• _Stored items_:
━━━━

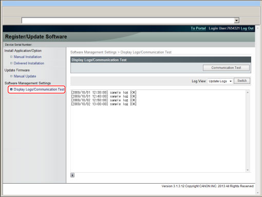 Press [Software Management Settings] → [Select Log Display] → [Display Update Logs].
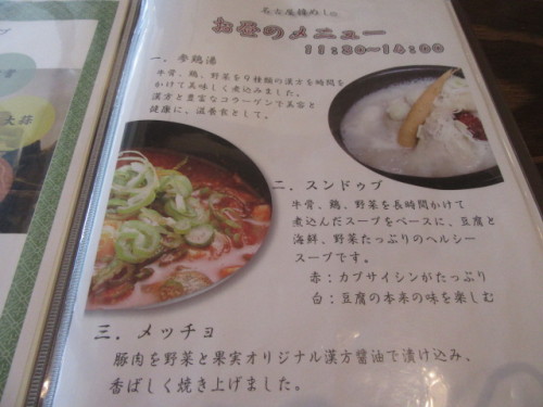 昨年秋にできた韓国料理のお店。開店当時はとてもすいていて、やっていけるのかなぁって思っていたのですが最近、ランチタイムにはものすごい行列。中を見るとサインが書かれた色紙が何枚かあったのできっとテレビに出たんだろうなぁ。イルチュールというお店です。テレビに出る前のことですがランチに行ってきました。ランチタイムのお料理は3種類。参鶏湯にしてみました。食べるの何年ぶりかなぁ。いろんなおかずがついてきてどれもとってもおいしい。半身です。ちょっとだけもち米も入ってますがそれとは別にごはんもついてきます。すっごくおいしくってこの日は寒かったので温まりました。でも韓国では体力をつけるため、暑い夏に食べるんですって鰻みたいな感じなんでしょうね。他のも食べてみたいけど最近ほんとに混んでいるかならなぁ。落ち着いたら行ってこよう
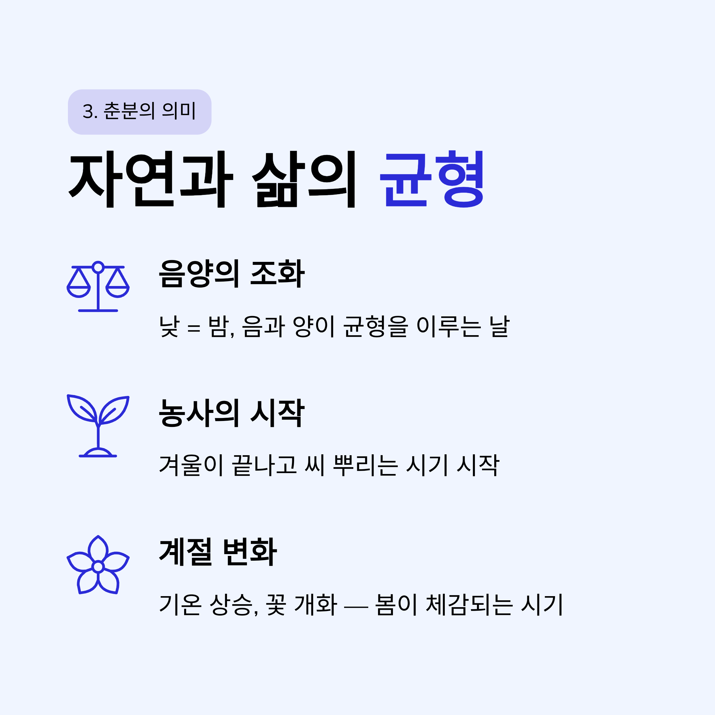 특히 낮과 밤의 길이가 거의 같아지는 시기로, 자연의 균형을 상징하는 날입니다.
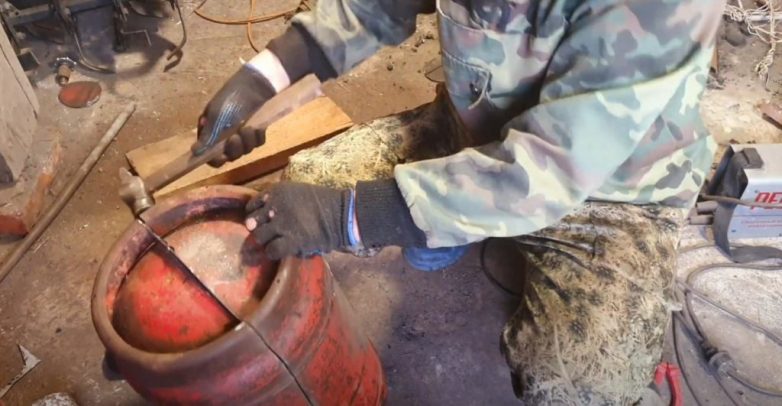 Маленький баллон выступает в качестве теплообменника. Чтобы дым не уходил напрямую, внутрь него нужно вварить металлическую перегородку. Предварительно надо разрезать баллон (не до конца) при помощи болгарки. В самой пластине нужно просверлить отверстие для лучшей тяги при розжиге печки.
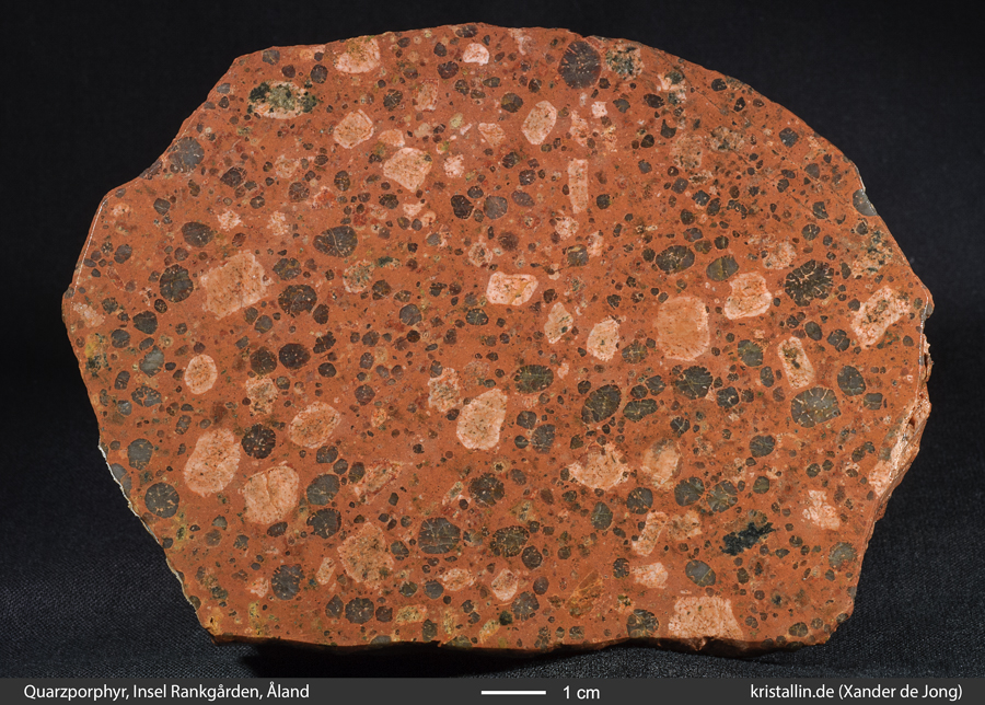 (5/29) Zwischen diesem Porphyr und dem ganz ähnlich aussehenden vom vorigen Bild liegen mehrere Kilometer Abstand. Die Insel Rankgården befindet sich ganz am östlichen Ende des Quarzporphyrganges von Hammarudda. Auf der Strecke dazwischen gibt es ganz verschiedene Porphyrgefüge, einschließlich des viel grobkörnigeren Hammarudda-Quarzporphyrs. Auch wenn dieser Gang unterschiedliche Gefüge enthält, so ist seine Größe insgesamt für Porphyre ungewöhnlich. (Eine Karte dazu finden Sie unterhalb.)

━━━━

The result should be an exact copy of every entry above, with no pictures included.

 Press [Software Management Settings] → [Select Log Display] → [Display Update Logs].
 昨年秋にできた韓国料理のお店。開店当時はとてもすいていて、やっていけるのかなぁって思っていたのですが最近、ランチタイムにはものすごい行列。中を見るとサインが書かれた色紙が何枚かあったのできっとテレビに出たんだろうなぁ。イルチュールというお店です。テレビに出る前のことですがランチに行ってきました。ランチタイムのお料理は3種類。参鶏湯にしてみました。食べるの何年ぶりかなぁ。いろんなおかずがついてきてどれもとってもおいしい。半身です。ちょっとだけもち米も入ってますがそれとは別にごはんもついてきます。すっごくおいしくってこの日は寒かったので温まりました。でも韓国では体力をつけるため、暑い夏に食べるんですって鰻みたいな感じなんでしょうね。他のも食べてみたいけど最近ほんとに混んでいるかならなぁ。落ち着いたら行ってこよう
 특히 낮과 밤의 길이가 거의 같아지는 시기로, 자연의 균형을 상징하는 날입니다.
 Маленький баллон выступает в качестве теплообменника. Чтобы дым не уходил напрямую, внутрь него нужно вварить металлическую перегородку. Предварительно надо разрезать баллон (не до конца) при помощи болгарки. В самой пластине нужно просверлить отверстие для лучшей тяги при розжиге печки.
 (5/29) Zwischen diesem Porphyr und dem ganz ähnlich aussehenden vom vorigen Bild liegen mehrere Kilometer Abstand. Die Insel Rankgården befindet sich ganz am östlichen Ende des Quarzporphyrganges von Hammarudda. Auf der Strecke dazwischen gibt es ganz verschiedene Porphyrgefüge, einschließlich des viel grobkörnigeren Hammarudda-Quarzporphyrs. Auch wenn dieser Gang unterschiedliche Gefüge enthält, so ist seine Größe insgesamt für Porphyre ungewöhnlich. (Eine Karte dazu finden Sie unterhalb.)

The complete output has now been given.